The Few, the Proud, the Green

As the daughter of a Vietnam-era Marine, I probably learned “Halls of Montezuma” before I learned the national anthem. Pride in the Marine Corps was fundamental to my dad and he worked hard to pass it on to his kids. We dressed up in his old uniforms and learned to march, salute and repeat Marine slang outside earshot of my mother. It worked, but only so far. I went to Bryn Mawr, which is about as far as you can get culturally from Annapolis, Dad’s preference. Yet that core pride in the toughest branch of the U.S. Armed Forces came rushing back this weekend as I read Thomas Friedman’s latest New York Times column, about the greening of the Marines.

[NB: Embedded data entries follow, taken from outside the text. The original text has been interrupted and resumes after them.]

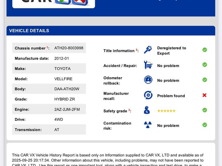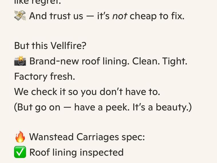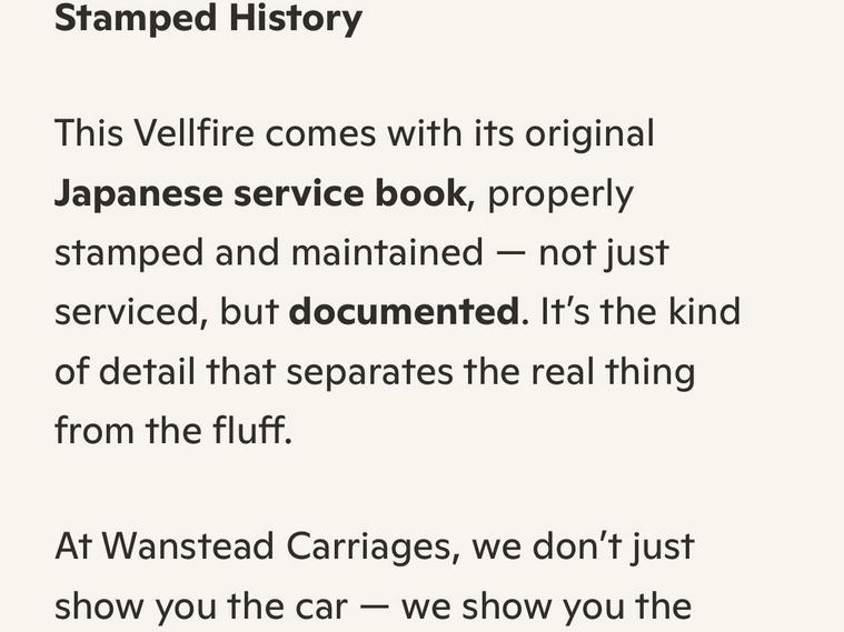 JAPANESE SERVICE HISTORY PRESET **PLEASE MENTION STOCK ID IM368 WHEN CALLING**GRADE 4 ( A VERY CLEAN EXAMPLE)**SEVEN SEATER**REGISTERED 24/03/2012**ULEZ COMPLIANT**4WD**XENON LIGHTS**REMOTE POWER SLIDE DOORS AND TAILGATE**REAR AMERA**17'' ALLOYS x4 BRIDGESTONE TYRES **DASH AND FLIP DOWN MONITORS WITH REMOTE**BLUETOOTH**LED INTERIOR LIGHTING**ALL AROND PARKING SENSORS**POWER ASSIST FRONT SEATS AND MEMORY POSITION DRIVER SEAT**SMART KEYS X2**DASH CAM**CLIMATE CONTROL WITH NANOE AIR FILTRATION**NON SMOKER INTERIOR**CRUISE CONTROL**TRACTION CONROL**ABS**CURTAIN AIRBAGS**AUTO FOLDING MIRRORS AND AUTO LIGHTS**FRONT, SIDE AND REAR CURTAINS**ALL TOYOTA RECALLS COMPLETED**DEALER ORIGINAL FLOOR CARPETS**WE ARE DELIGHTED TO BE SELLING THIS STUNNING WELL LOOKED AFTER LOW MILEAGE VELLFIRE HYBIRD 4WD THAT WE HAVE JUST IMPORTED PRESENTED IN PEARL WHITE WITH EXCELLENT CONDITION UPHOLSTERY JUST BEEN MOT AND HAD A ENGINE SERVICE/TRANSMISSION SERVICE WITH NO ADVISORIESDIAGNOSTICS REPORTS OF THE HYBIRD SYSTEM AND BATTERY SUPPLIEDThis vehicle comes with a verified VX report, equivalent to the UK HPI report, confirming no mileage discrepancies or hidden accidents. A certificate will be provided.This example drives as it should with no warning light's on the dashboard after extended test drive.The car drives beautifully, The automatic gearbox is excellent with seamless gear changesThe price includes 12 months Nationwide comprehensive PREMIER warranty from a uk leading warranty company, Covering over 8000 electrical and mechanical parts, The policy covers parts and labour cost's, Nationwide cover.Have complete peace of mind, with the Wanstead Carriages promise All our vehicles are HPI Checked, a copy of the certificate is given with each vehicle, every vehicle is subject to a rigorous multi point pre-delivery inspectionAA/RAC Inspection are Welcome/12 Months AA Breakdown cover also includedWE ARE VERY PROUD TO BE A PART OF THE AA CARS STANDARDS WHICH IS APPROVED BY THE CHARTERED TRADING STANDARDS INSTITUTE, SO YOU CAN PURCHASE YOUR NEXT VEHICLE FROM WANSTEAD CARRIAGES IN CONFIDENCE.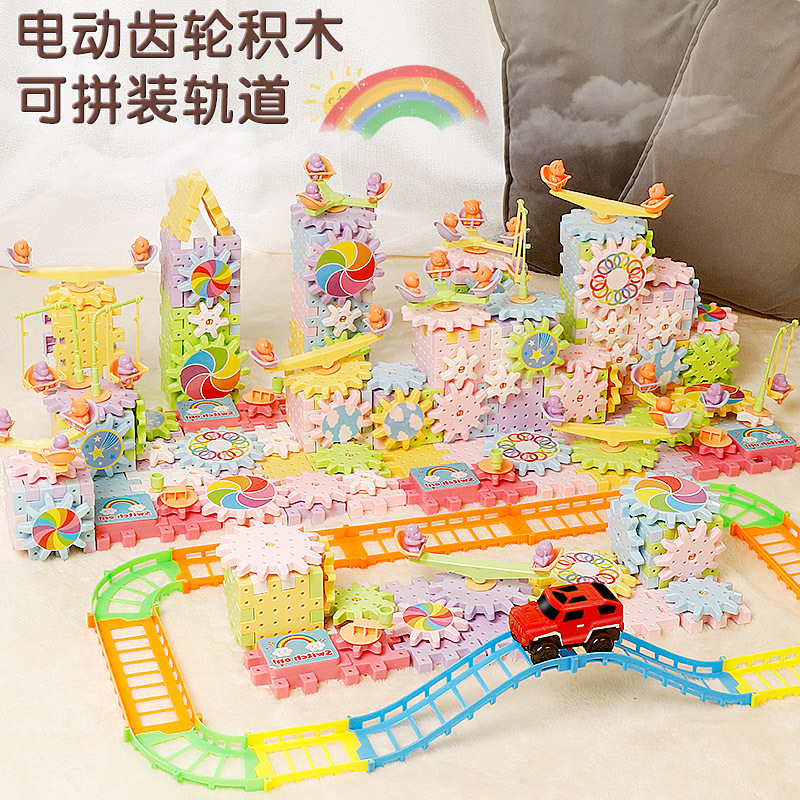 百変電動積み木回転歯車子供玩具益智大粒盛り合わせセット男の子パズルクロスボーダー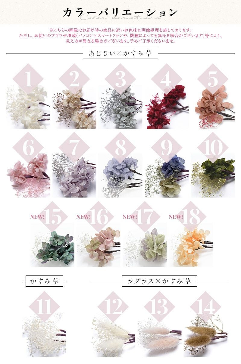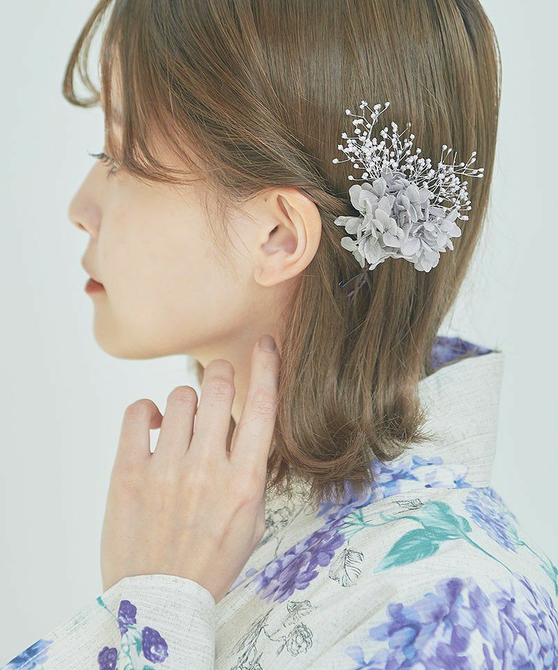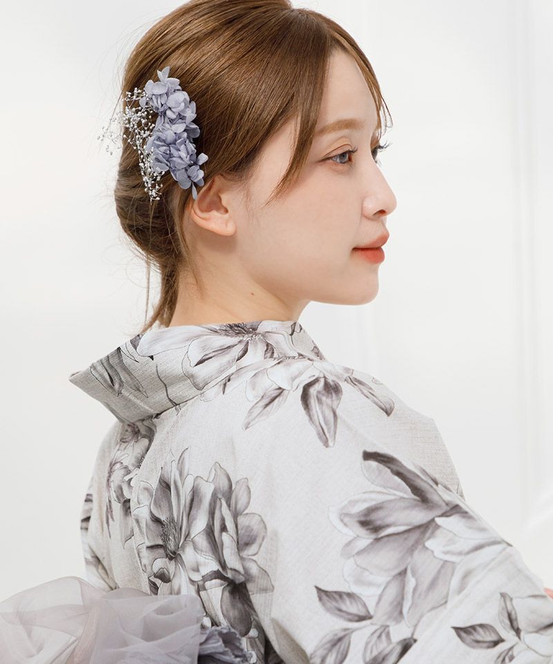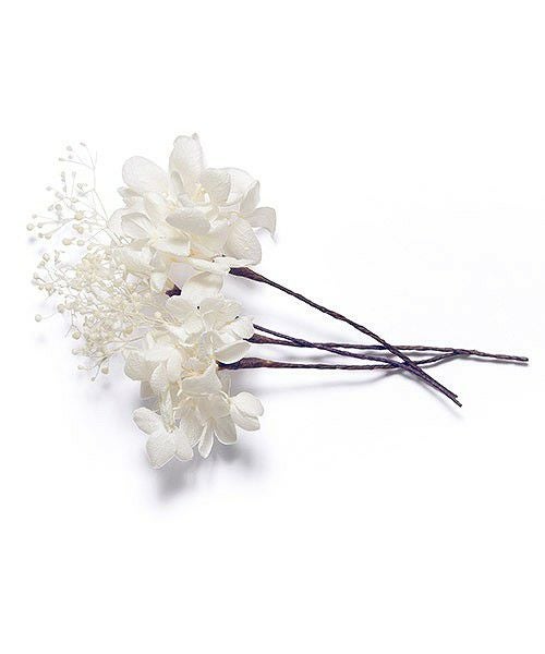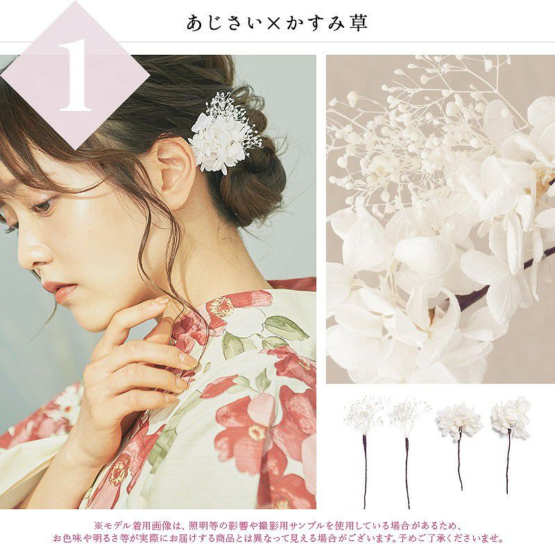 ドライフラワー髪飾り(4本セット) 9.あじさい×かすみ草

According to a recent study based on 2007 data, Friedman reports, the military loses a person, wounded or killed, for every 24 fuel convoys it runs in Afghanistan. The cost of delivering fuel may be as high as $400 per gallon by the time it gets to remote U.S. troops in the Middle East, not counting the cost of our soldiers’ lives. So the Navy and Marines are spearheading efforts to replace fossil fuel deliveries with on-site renewables that will save money and lives.

Running our generators on solar and our trucks on next generation biodiesel has another great side effect: it gets us out of the deadly and endless fight for oil. No Marine’s family could object to that.

All I can say is: OORAH.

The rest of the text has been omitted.